### Collected data
—————

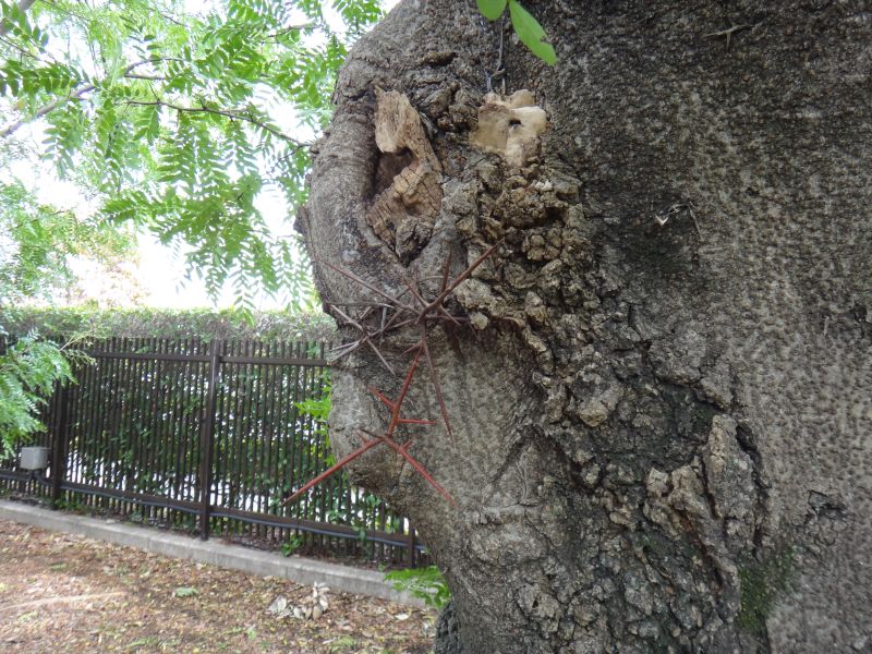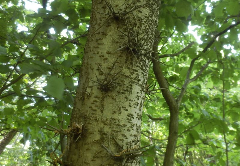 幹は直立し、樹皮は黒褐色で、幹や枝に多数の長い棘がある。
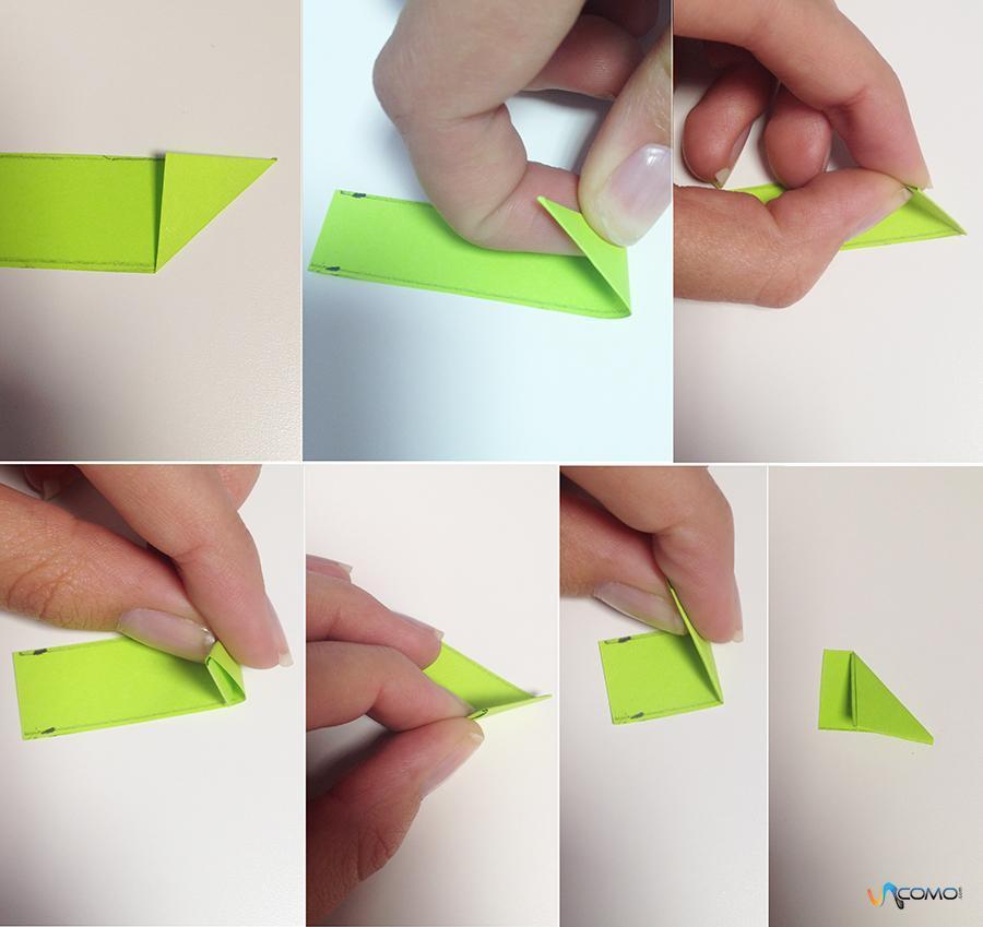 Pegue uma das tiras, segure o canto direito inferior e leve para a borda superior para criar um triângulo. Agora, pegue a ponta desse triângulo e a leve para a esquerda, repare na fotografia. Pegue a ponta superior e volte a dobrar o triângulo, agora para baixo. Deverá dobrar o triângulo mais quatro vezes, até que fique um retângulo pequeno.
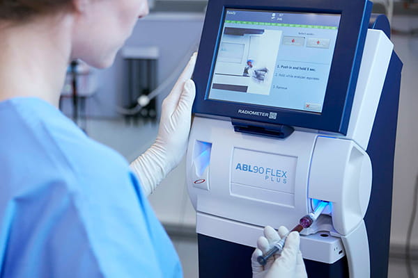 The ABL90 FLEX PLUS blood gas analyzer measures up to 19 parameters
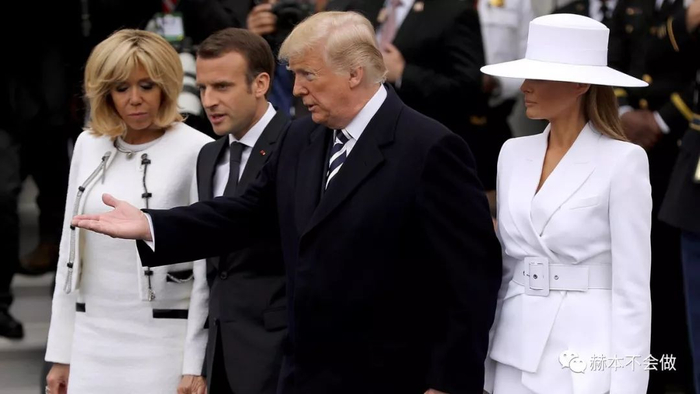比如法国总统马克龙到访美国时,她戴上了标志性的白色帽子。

—————

### What is needed
Omit the pictures and give the material again, exactly and in full.

### Expected answer
 幹は直立し、樹皮は黒褐色で、幹や枝に多数の長い棘がある。
 Pegue uma das tiras, segure o canto direito inferior e leve para a borda superior para criar um triângulo. Agora, pegue a ponta desse triângulo e a leve para a esquerda, repare na fotografia. Pegue a ponta superior e volte a dobrar o triângulo, agora para baixo. Deverá dobrar o triângulo mais quatro vezes, até que fique um retângulo pequeno.
 The ABL90 FLEX PLUS blood gas analyzer measures up to 19 parameters
比如法国总统马克龙到访美国时,她戴上了标志性的白色帽子。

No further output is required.